Teikhiousa, Hellen dilinde “surlarla çevrili kent” anlamında bir sözcüktür. Kentin ne zaman ve nasıl kurulduğu konusunda bilgimiz yoktur. Bununla beraber tarihte ismi ilk kez Thoukydides'de Atina-Sparta savaşı nedeniyle geçmiştir. M.Ö. 412'de Sparta'nın yanında yer almış ve Sparta donanması buradaki limanda konaklamıştır. Ayrıca Miletos'dan Didyma'ya giden kutsal yol üzerinde bulunan ve XIX.yüzyılda İngiltere'ye götürülen Arkaik heykellerden birisi de Teikhiousa tyranı Hares'e aittir.

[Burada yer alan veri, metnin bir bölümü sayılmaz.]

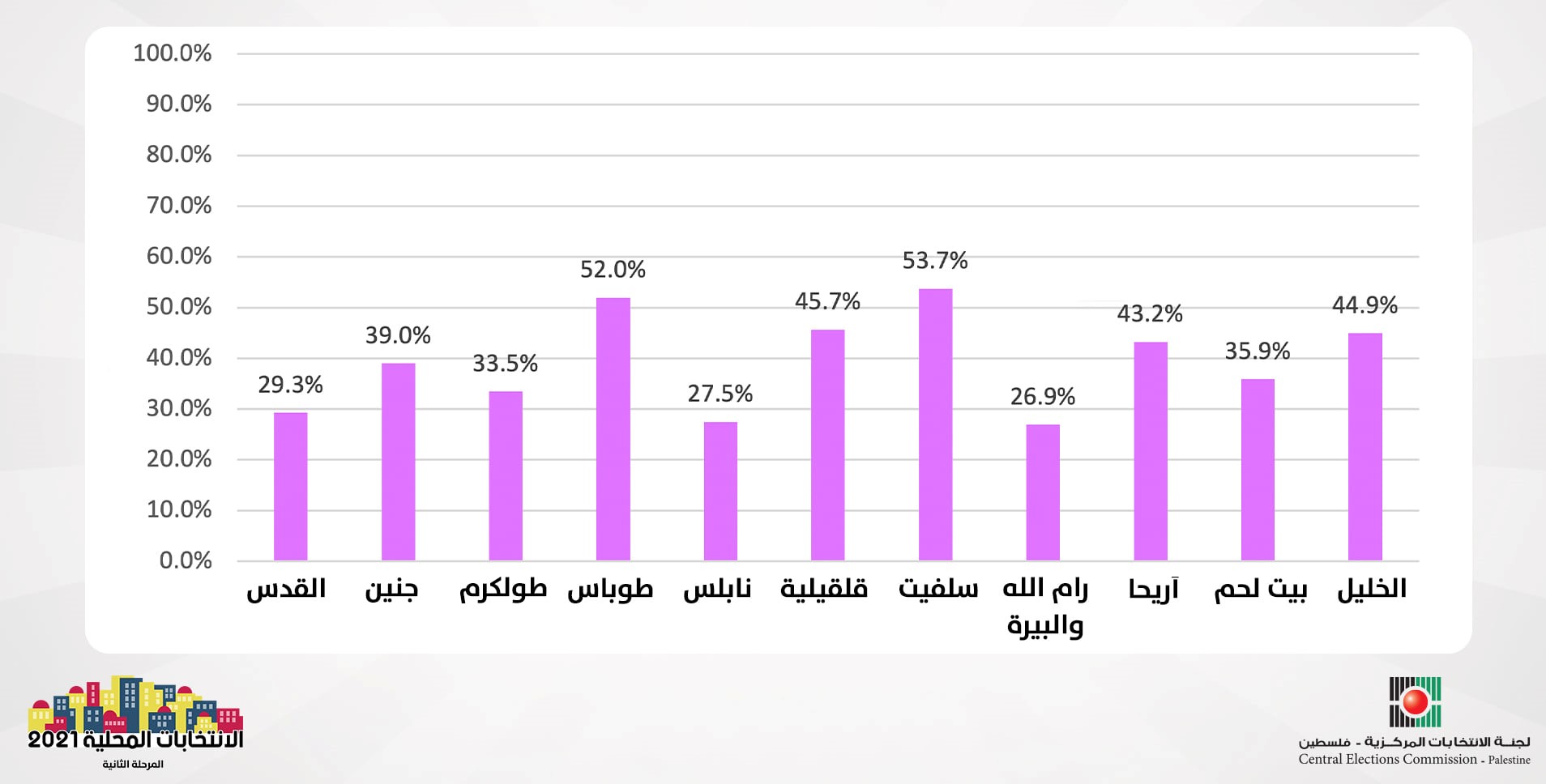 رام الله 26-3-2022 وفا- أعلنت لجنة الانتخابات المركزية، أن نسبة الاقتراع في الانتخابات المحلية "المرحلة الثانية"، بلغت 39% حتى الساعة الرابعة عصراً.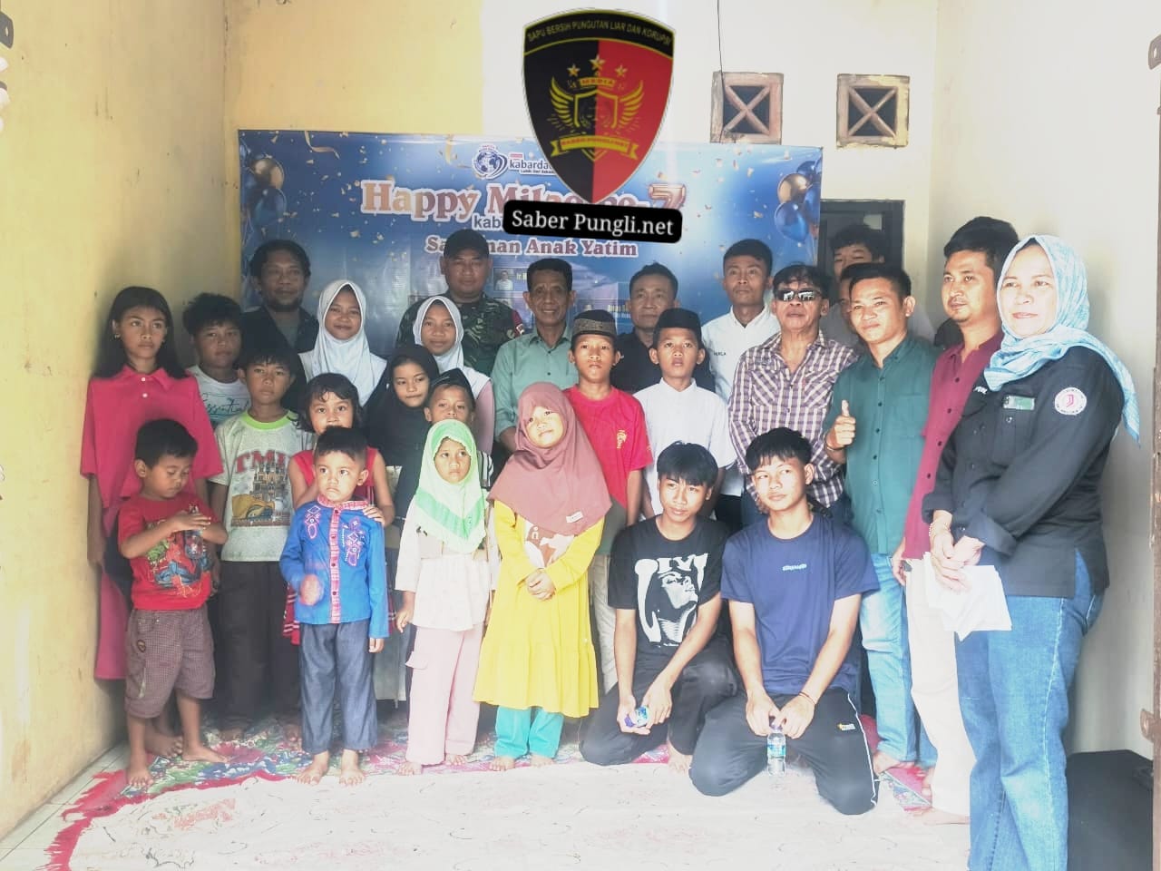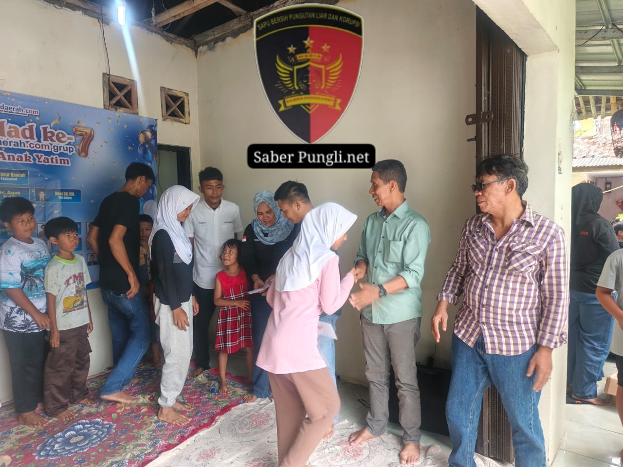 Serang [SaberPungli.net] Media Kabar Daerah Group merayakan hari jadi yang ke-7 dengan menggelar penyaluran santunan kepada anak yatim yang tinggal di wilayah Kecamatan Catang, kabupaten Serang. Acara berbagi ini dilaksanakan langsung di sekretariat Kabardaerah Group, kecamatan Catang, Kabupaten Serang, dihadiri oleh Seluruh jajaran Media Kabardaerah Group, Sekmat Bahrul Ulum, kecamatan Tujung Teja, Babinsa desa Bojong Catang Koptu Ilham Asrori, Ketua BPD desa Bojong Catang Toto Hartono, serta sekitar 30 anak penerima bantuan. Sabtu, 27 Desember 2025.

Kentten günümüze hiçbir kalıntı gelememişse de çevredeki köy evlerinin duvarlarında antik çağlara ait taşların olduğu da dikkati çekmektedir.
 
Telmisos, Telmesos (Gürece) Antik Kenti

Telmisos Bodrum'un 10 km. uzağındaki Gürece köyü yanındaki tepenin yamaçlarındadır. Herodotos, bu kentin Halikarnassos'a 60 Stadeia (10.5 km.) uzaklıkta olduğunu belirtmiştir. Telmisos, Karia dilinden türetilmiş bir sözcük olup, yerleşim yeri veya köy anlamındadır.
Herodotos bu kentteki kahinlerden kitabında Sardes'in Perslere karşı direnişinde şöyle bahseder :

“...Sardes'in çevresini yılanlar kapladı ve bu sürüngenler ortaya çıkar çıkmaz,atlar otlaklarında otlamayı bırakıp kendilerini ava verdiler ve bunları yediler. Bu olay Kroisos'a bir mucize gibi göründü. Hemen Telmesos kâhinlerine baş vurdu danışmak için. Haberciler geldiler gelmesine Telmesos'a,mucizenin anlamını da öğrendiler,ama cevabı Kroisos'a götüremediler,zira gemi onları Sardes'e doğru götürürken beri yanda Kroisos esir düşmüştü. Ama biz gene de Telmesos'luların yorumunu söyliyelim: Kroisos,demişlerdi,üzerine yabancı dil konuşan bir ulusun yürümesini beklesin; bunlar ülkeye yayılacak,yerlileri boyunduruk altına alacaklar; zira yılan toprağın oğludur,at ise göçebe ve savaşçı bir hayvandır...”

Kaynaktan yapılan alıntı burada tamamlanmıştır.